でも、きっとどこかで私のこと、見てるんだよね……?
とりあえず、ごはんでも作って待ってようかな。
私はテレビのスイッチを入れて、キッチンへ向かった。
おなかをすかせたチビちゃんにエサをやると、勢いよく食べてくれる。
カズオも、おなかすいてないかな……。
テレビで交通事故のニュースが読まれている。
天使って、事故には遭わないか……でも、もしこの世で死んじゃったらどうなるんだろう……。
CMに切り替わると、カズオの観たがってた映画のワンシーンが流れる。
「……どうしてだろう」
カズオは、どうしてずっと私と一緒にいるんだろう。
『斉藤さん』みたいに、離れて監視することだってできたはずだ。
でもたぶん。
あの橋の上にカズオが現れなかったら、私、オッサンに同情して一緒に川に飛び込んでたかもしれないし、そうじゃなくても、ヤスコに会う前に、また死のうとしただろう。

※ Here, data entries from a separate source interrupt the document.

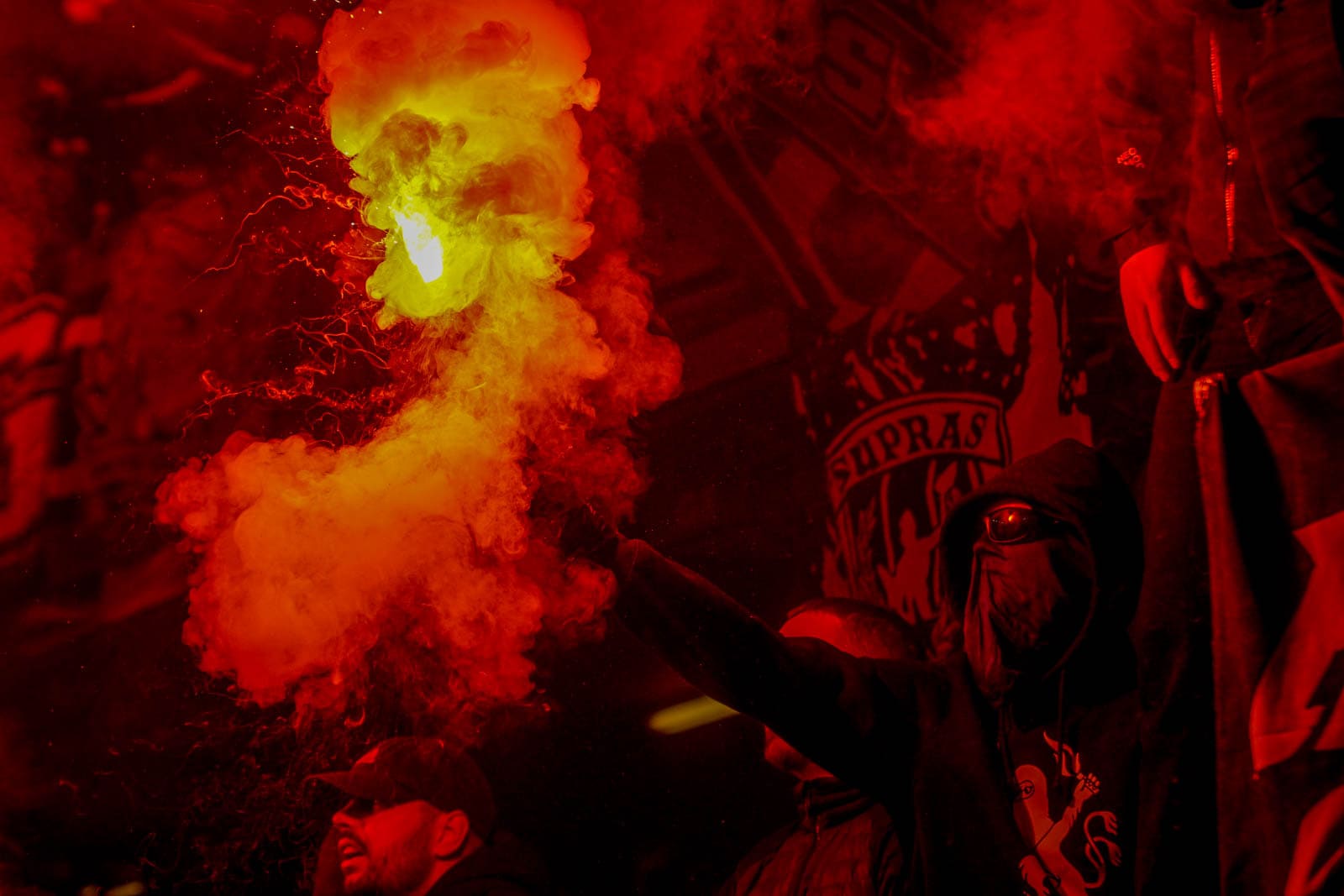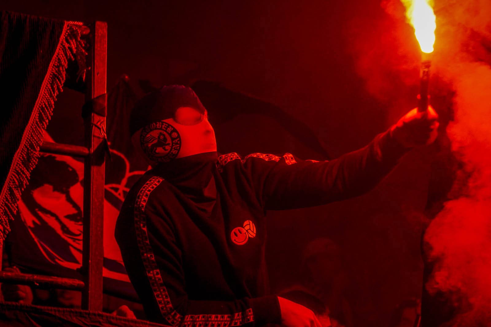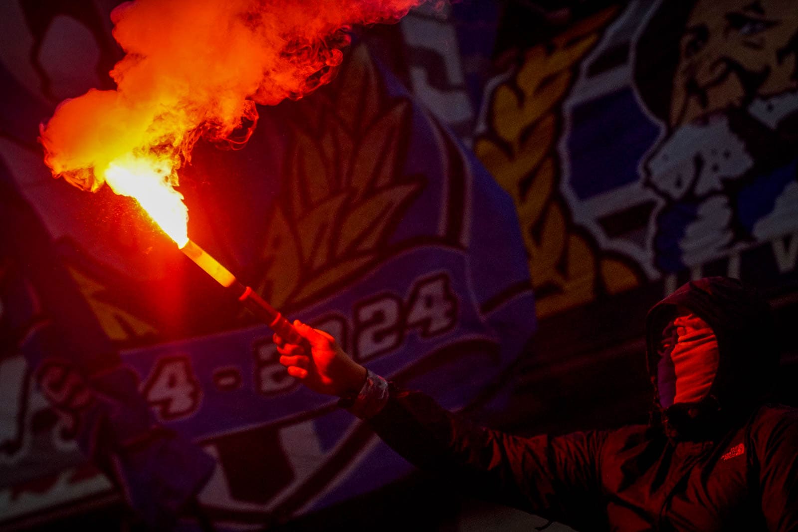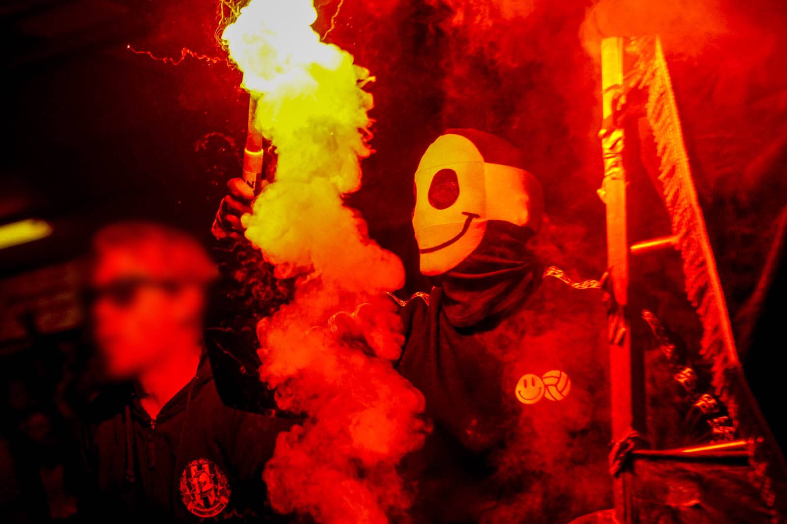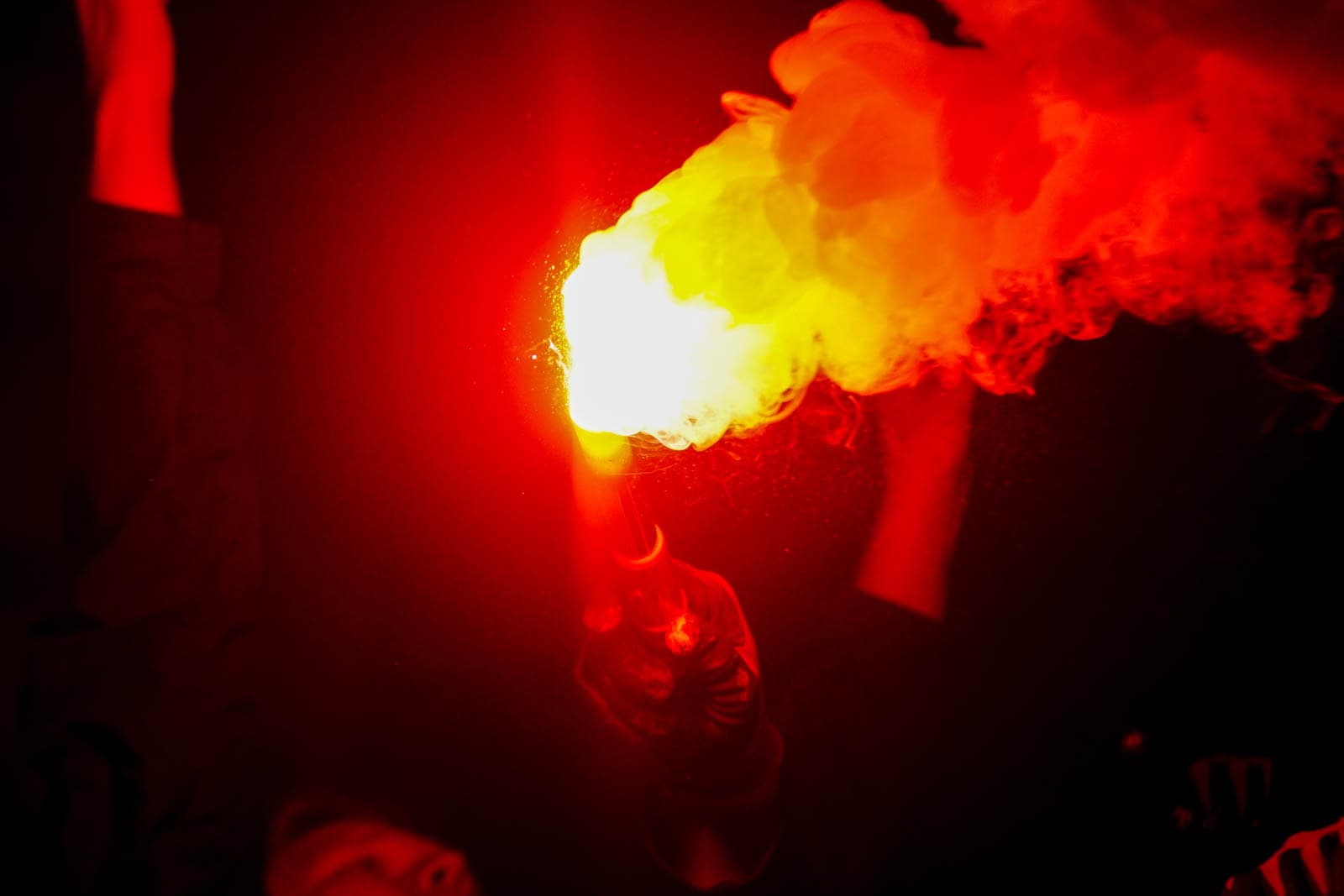 Hierna is het tijd voor de kers op de taart. Waar het in het uitvak blijft bij een handjevol fakkels, gaat het er op het blauw-witte vak iets georganiseerder aan toe. Tegelijkertijd ontsteken tientallen supporters fakkels over beide zijdes verdeeld. Het zorgt voor een heerlijke rode vuurzee, passend bij een derby van dit formaat.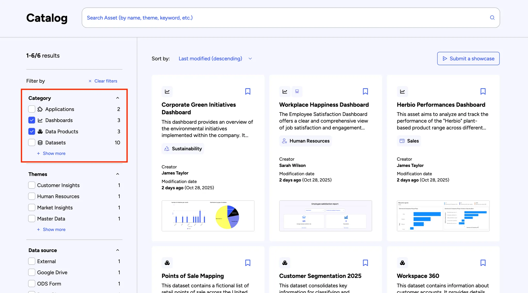 Your data marketplace brings all these assets together in one place, making data easy to find and access. Use filters on the left to narrow your search by asset type. Each asset card shows key information to help you quickly assess its relevance. More details here.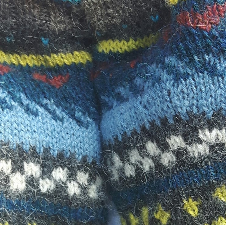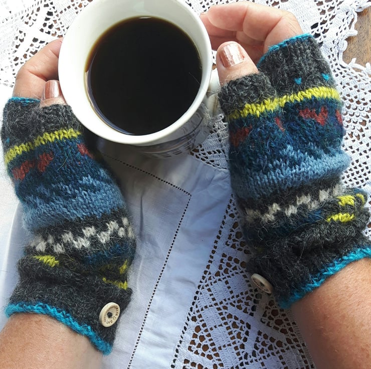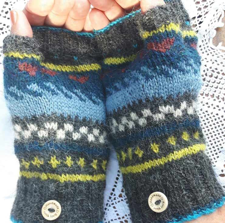 These fingerless mittens are hand knitted to my own design inspired by my button jar. They very are soft and warm. I have handknitted them on 4 needles to avoid unsightly seams and all loops on the back have been carefully knitted in. 100% alpaca which makes them luxurious and incredible warm and soft. One size as they are slightly oversized and stretchy.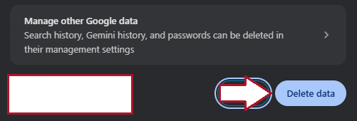 - Once selected click the "Delete data" button to finish the process. (See Below Image)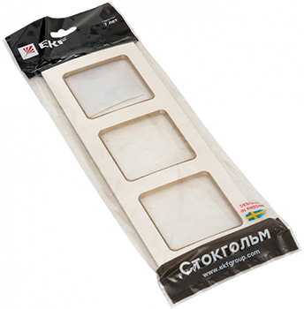 Рамка трехпостовая EKF EАM-G-302-20 "Стокгольм" (IP20), белый / шампань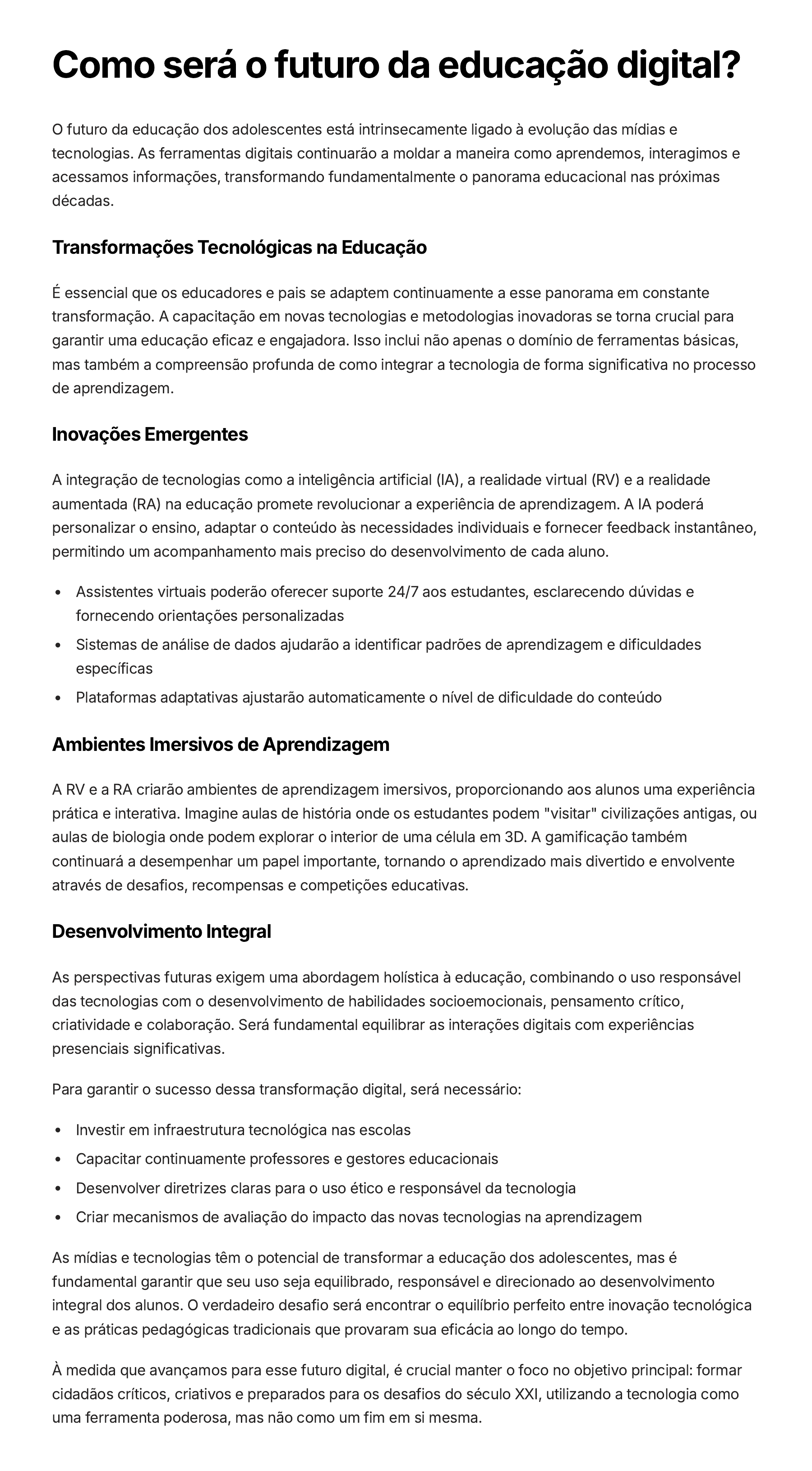 Como será o futuro da educação digital? O futuro da educação dos adolescentes está intrinsecamente ligado à evolução das mídias e tecnologias. As ferramentas digitais continuarão a moldar a maneira como aprendemos, interagimos e acessamos informações, transformando fundamentalmente o panorama educacional nas próximas décadas. Transformações Tecnológicas na Educação É essencial que os educadores e pais se adaptem continuamente a esse panorama em constante transformação. A capacitação em novas tecnologias e metodologias inovadoras se torna crucial para garantir uma educação eficaz e engajadora. Isso inclui não apenas o domínio de ferramentas básicas, mas também a compreensão profunda de como integrar a tecnologia de forma significativa no processo de aprendizagem. Inovações Emergentes A integração de tecnologias como a inteligência artificial (IA), a realidade virtual (RV) e a realidade aumentada (RA) na educação promete revolucionar a experiência de aprendizagem. A IA poderá personalizar o ensino, adaptar o conteúdo às necessidades individuais e fornecer feedback instantâneo, permitindo um acompanhamento mais preciso do desenvolvimento de cada aluno. Assistentes virtuais poderão oferecer suporte 24/7 aos estudantes, esclarecendo dúvidas e fornecendo orientações personalizadas Sistemas de análise de dados ajudarão a identificar padrões de aprendizagem e dificuldades específicas Plataformas adaptativas ajustarão automaticamente o nível de dificuldade do conteúdo Ambientes Imersivos de Aprendizagem A RV e a RA criarão ambientes de aprendizagem imersivos, proporcionando aos alunos uma experiência prática e interativa. Imagine aulas de história onde os estudantes podem "visitar" civilizações antigas, ou aulas de biologia onde podem explorar o interior de uma célula em 3D. A gamificação também continuará a desempenhar um papel importante, tornando o aprendizado mais divertido e envolvente através de desafios, recompensas e competições educativas. Desenvolvimento Integral As perspectivas futuras exigem uma abordagem holística à educação, combinando o uso responsável das tecnologias com o desenvolvimento de habilidades socioemocionais, pensamento crítico, criatividade e colaboração. Será fundamental equilibrar as interações digitais com experiências presenciais significativas. Para garantir o sucesso dessa transformação digital, será necessário: Investir em infraestrutura tecnológica nas escolas Capacitar continuamente professores e gestores educacionais Desenvolver diretrizes claras para o uso ético e responsável da tecnologia Criar mecanismos de avaliação do impacto das novas tecnologias na aprendizagem As mídias e tecnologias têm o potencial de transformar a educação dos adolescentes, mas é fundamental garantir que seu uso seja equilibrado, responsável e direcionado ao desenvolvimento integral dos alunos. O verdadeiro desafio será encontrar o equilíbrio perfeito entre inovação tecnológica e as práticas pedagógicas tradicionais que provaram sua eficácia ao longo do tempo. À medida que avançamos para esse futuro digital, é crucial manter o foco no objetivo principal: formar cidadãos críticos, criativos e preparados para os desafios do século XXI, utilizando a tecnologia como uma ferramenta poderosa, mas não como um fim em si mesma.

あの時、私なんか、この世に存在する意味なんてないと思ってたから。
だけど、今は。
「どうしよう……」
たぶん、カズオが帰ってこなくても、私にはもう、受け入れてくれる人がいる。
支えてくれる友人がいる。
その準備を一緒にするために、そばにいてくれたの?
それだけ?
それだけじゃ、ないよね。
これで、サヨナラじゃないよ、ねぇ?
「そんなの、やだよ」
私は、コートを羽織って、家を飛び出した。